2024-05-27 20:47:08,694 INFO  [main] search.SearchCollection (SearchCollection.java:929) - Index: indexes/zho_neuclir_subset_bm25
2024-05-27 20:47:08,972 INFO  [main] search.SearchCollection (SearchCollection.java:933) - Fields: []
2024-05-27 20:47:08,973 INFO  [main] search.SearchCollection (SearchCollection.java:682) - Using language-specific analyzer
2024-05-27 20:47:08,974 INFO  [main] search.SearchCollection (SearchCollection.java:683) - Language: zh
2024-05-27 20:47:09,022 INFO  [main] search.SearchCollection (SearchCollection.java:1208) - runtag: Anserini
2024-05-27 20:47:09,699 INFO  [pool-2-thread-1] search.SearchCollection$SearcherThread (SearchCollection.java:861) - ranker: bm25(k1=0.9,b=0.4), reranker: default: 1 queries processed in 00:00:00 = ~1.59 q/s
2024-05-27 20:47:09,725 INFO  [main] search.SearchCollection (SearchCollection.java:1420) - Total run time: 00:00:01


Scoring against the filtered qrels, this BM25 result is just ok -- giving us an nDCG@20 of 0.1483.

In [14]:
!pwd

/content


In [15]:
to_rerank = pd.DataFrame([ l for l in irms.read_trec_run("runs/zho_neuclir_subset_bm25.title.txt")])

irms.calc_aggregate([irms.nDCG@20, irms.AP], qrels, to_rerank)

{nDCG@20: 0.1482972305701491, AP: 0.06837054789182448}

# Exercise
Perform retrieval using a different topic id.

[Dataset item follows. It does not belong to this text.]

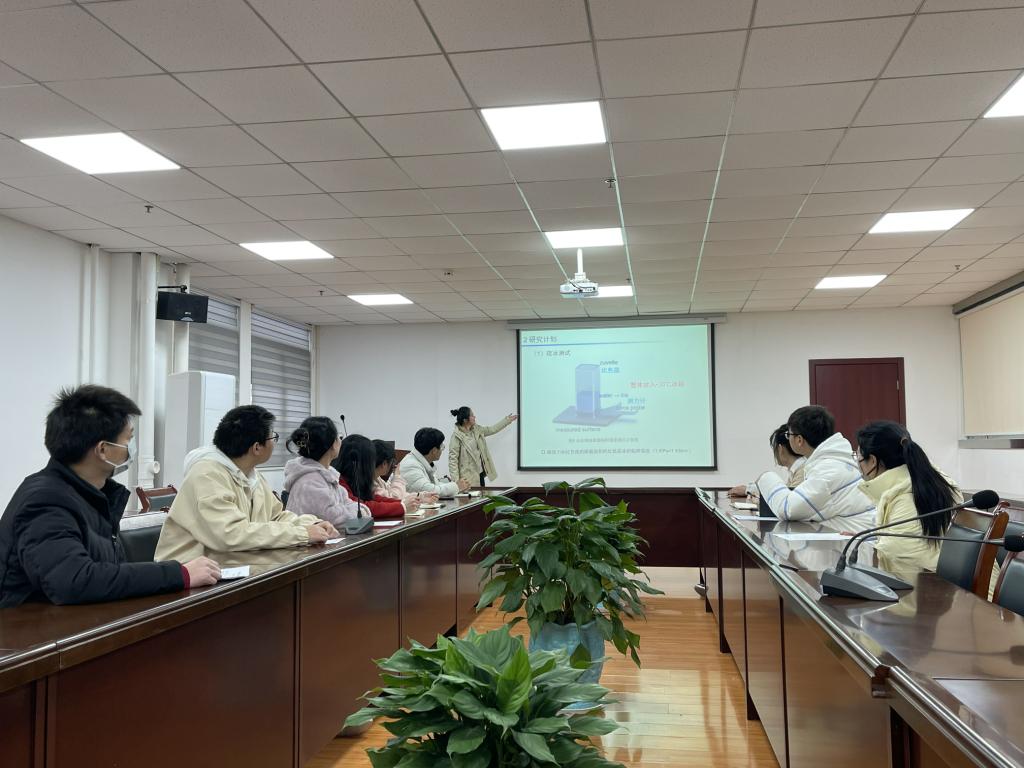 首先,研二同学汇报了近期实验成果以及实验计划,研究主题主要包括采用静电植绒技术制备超疏水防疏冰表面以及聚酰胺酸制备耐高温过滤材料。各位老师对研二同学目前实验方法进行指导,并对未来科研方向进行规划。接下来,研一同学分享了与各自课题相关的高被引文献,研究主题主要包括湿法纺丝技术、静电纺丝结合静电喷涂技术以及离心纺丝技术。最后,研三同学具体分享了对应课题的实验方法和技巧。各位老师要求各年级研究生加快实验进度,提高文献阅读能力及写作能力,并建议参会的本科生从研究生汇报中学习相应的科研知识与学术汇报技巧。

For generating a score, refer to this [cell](https://colab.research.google.com/drive/1u_8ESzz_f26toFy45m17UQRZXGVqMt0B#scrollTo=PI64O_uLCK_o&line=19&uniqifier=1) on how to filter qrels to only include the chosen topic id.

Try it out yourself here:

In [None]:
# Your solution
use_topic =
qrels =

# And there you go!

You've learned how to run a simple BM25 retrieval model using query translation for CLIR!